Wednesday, April 09, 2008
The Madness of John McCain (and Others)
The guy that President George W. Bush turned the Iraq war over to when he abdicated all responsibility for his unnecessary and illegal attack on Iraq, General David Petraeus, is in Washington, DC for two days of hearings before Congress. The hearings started yesterday. Petraeus acknowledged before the Senate, “We haven’t turned any corners. We haven’t seen any lights at the end of the tunnel.” He said any new withdrawals of American troops should be delayed until the fall. As in, after the election.
And yet, according to the New York Times this morning, Senator and candidate for president John McCain (R-AZ) said at that same hearing: “We’re no longer staring into the abyss of defeat, and we can now look ahead to the genuine prospect of success.”
Presumably McCain was talking about the war in Iraq. Although he could have been talking about some war game he’s got going in his addled brain. Who knows?
The Prez steered clear of the hearings, but will make a speech tomorrow regarding his Iraq policy for the coming months, However, Senator Ted Kennedy (D-MA) said in frustration, “A year ago, the president argued that we wouldn’t begin to withdraw troops from Iraq, because there was too much violence...now the president argues we can’t begin to withdraw troops, because violence is down.”
The April 14, 2008 issue of The New Yorker reported that when General Richard A. Cody appeared before the Senate Armed Services Committee last week, he said, in essence, Iraq and Afghanistan have so weakened our defenses that we’d be up the creek if we need our army to protect us. “Today’s army is out of balance,” he said.

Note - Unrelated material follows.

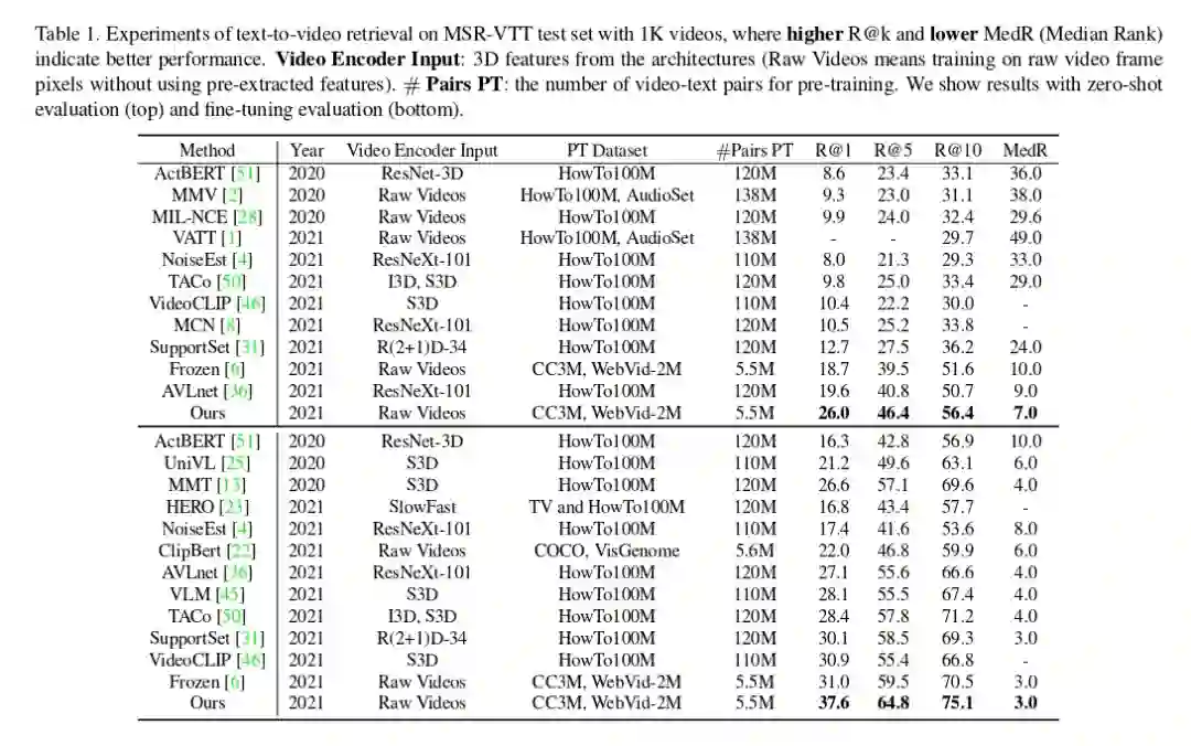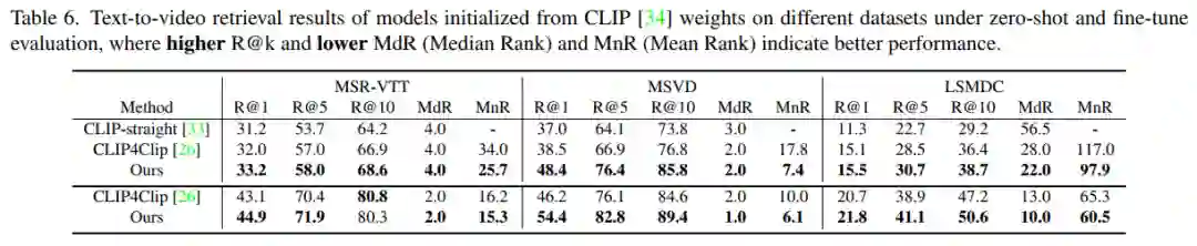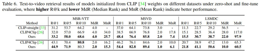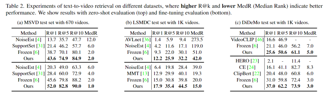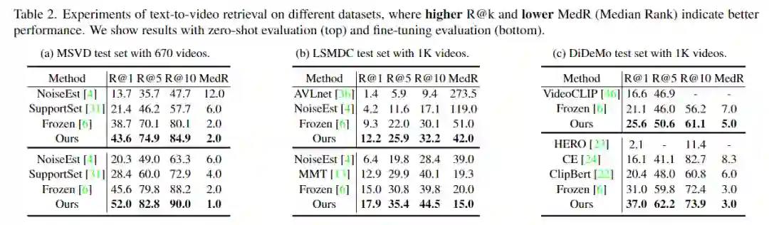 该研究在 MSR-VTT、MSVD、LSMDC、DiDeMo 和 HowTo100M 上进行测评。采用两种测评准则,包括 zero-shot 和 fine-tune。

And he went on to say, “The current demand for our forces in Iraq and Afghanistan exceeds the sustainable supply, and limits our ability to provide ready forces for other contingencies.”
We can’t defend ourselves, the nation is bankrupt, the President lives in an alternate reality of delusion, his clone and Republican candidate for president John McCain not only loves war, but he lives in permanent nostalgia for war mode and he is also seriously demented.
Last Sunday, Frank Rich said in his New York Times Op/Ed column that the Dem candidates for president Senators Obama and Clinton are doing John McCain a disservice by constantly saying McCain “is willing to send our troops into another 100 years of war in Iraq.” Rich reported that McCain actually said in the New Hampshire town-hall meeting that he “could imagine a 100-year-long American role in Iraq like our long-terms presence in South Korea and Japan”.
Fair enough. But when reviewing what people say and have said, it is also necessary to review the mind-set of that person. And John McCain’s unsettled mind is obsessed with war. The other day he said he hates war.
HAHAHAHAHAHAHAHAHA!
John McCain would sink into a morass of elder depression without a war on which to feed his Vietnam POW neuroses.
Today, General Petraeus and American ambassador to Baghdad Ryan Crocker will take their Iraq war song-and-dance to the House of Representatives.
I have two memories of these two men. Alas, they are my only memories of these two men. One is of Petraeus handing out bags of money from the backs of trucks to any and all comers in Iraq, friend and foe alike, as bribes. The other is of the pretentious little putz Crocker holding piss-elegant soirees in the safety of his mansion in the Green Zone in Baghdad as a way of coercing visiting Congresspersons into prolonging the Iraq war and ponying-up more money for the Republican’s ridiculous war.
McCain, Petraeus and Crocker—what embarrassing specimens they are.